Pineapple film provokes worldwide interest

14 Oct 2010

The film Pineapples: luxury fruit, at what price? launched at the beginning of October has provoked widespread interest and debate.

International coverage

With sustained coverage in The Guardian and over 20,000 hits on the video during the first week, the film Pineapples: luxury fruit, at what price? has sparked widespread comment and debate internationally. For example:

News of the study and film have been picked up from one blog to another, such as on Development Blogs

The Guardian's own Poverty Matters Blog includes reader commentary. Plus, Felicity Lawrence talks about the reaction to the film and investigation into the pineapple industry in Costa Rica.
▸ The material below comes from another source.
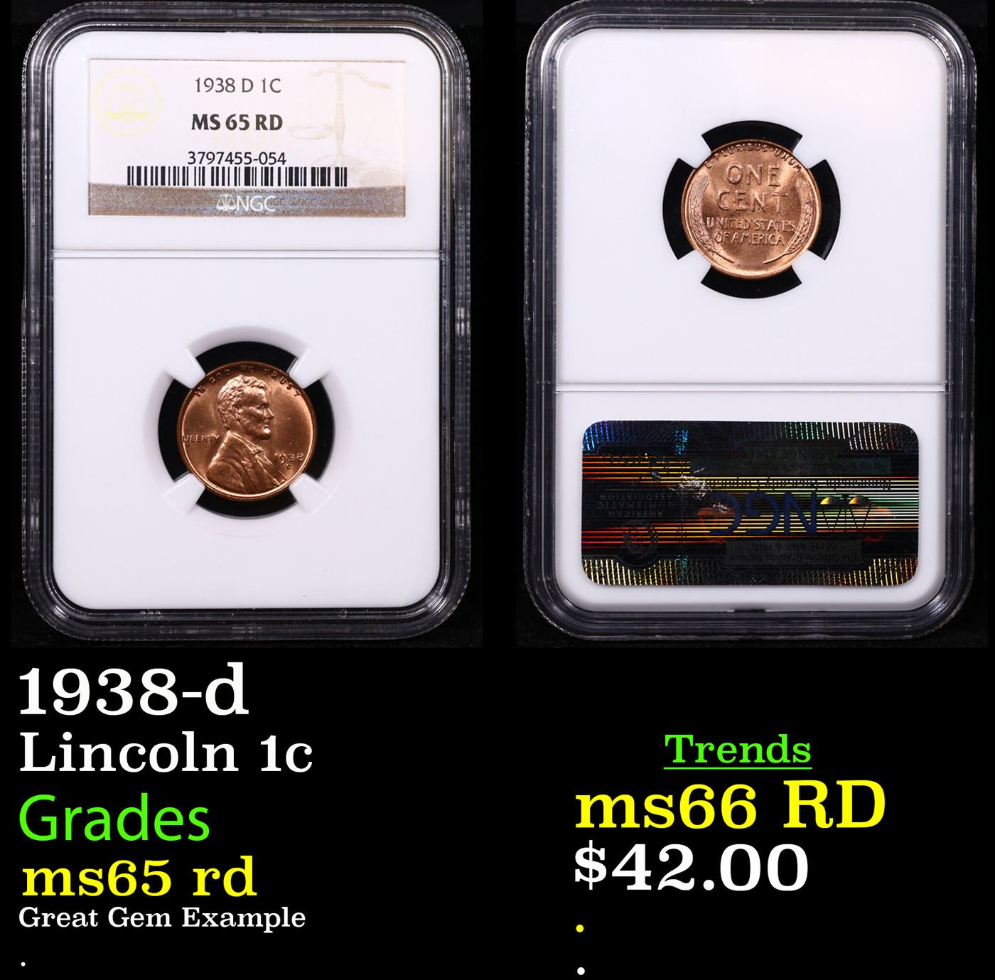 NGC 1938-d Lincoln Cent 1c Graded ms65 rd By NGC.

Where do the profits go?

And the pesticide perspective in Spanish from Latin America on RAP-AL.

Industry response

All companies named in the film were given an opportunity to respond to the content of the film before it was completed and responses that were received were taken into account.

Both Fyffes and Dole have responded in the industry press (pdf).
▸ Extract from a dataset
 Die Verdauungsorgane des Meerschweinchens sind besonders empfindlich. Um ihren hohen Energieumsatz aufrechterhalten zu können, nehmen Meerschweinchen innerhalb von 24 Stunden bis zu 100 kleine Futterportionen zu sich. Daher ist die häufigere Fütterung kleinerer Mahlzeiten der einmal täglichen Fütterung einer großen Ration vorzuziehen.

CANAPEP (The National Chamber of Producers and Exporters of Pineapple in Costa Rica) pointed to their own efforts at improvements, however Consumers International (CI) believes that much more still needs to be done.

Overall, amid claims of misinformation, the industry has yet to fully acknowledge the evidence of the current problems uncovered by this investigative documentary.

Reaction in Costa Rica

Within Costa Rica, wide press coverage prompted public expressions of support in parliament and from civil society including Friends of the Earth, Costa Rica. Academics from the University of Costa Rica, who have in the past called for a national moratorium on the expansion of new pineapple plantations given the 'widespread pattern of pollution and exploitation' within the pineapple industry also voiced their support.
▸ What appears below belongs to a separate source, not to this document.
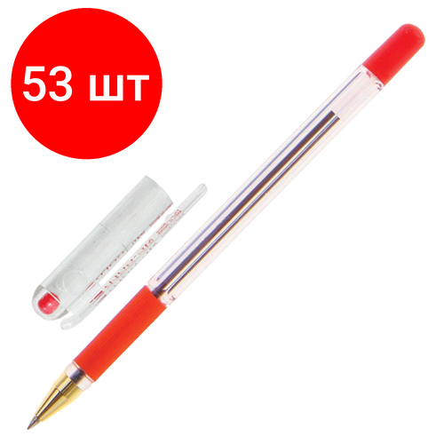 Комплект 53 шт, Ручка шариковая масляная с грипом MUNHWA "MC Gold", красная, корпус прозрачный, узел 0.5 мм, линия письма 0.3 мм, BMC-03

Continued exposure in Europe

In coming months, CI member organisations in Belgium, Denmark, France, Greece, Poland, Spain and beyond will promote the film through their national public campaigns.

Pineapples: luxury fruit, at what price? was also shown at a meeting on sustainable consumption in Brussels organised by the Belgian Presidency, and footage featured on TV4 business news in Sweden.

What next?

The purpose of this documentary is to contribute to tangible improvements in the future. We are calling for inclusive dialogue within the Costa Rican pineapple supply chain to address the social and environmental issues illustrated by the film. Together with our European members we will continue to look to leading retailers to play their part.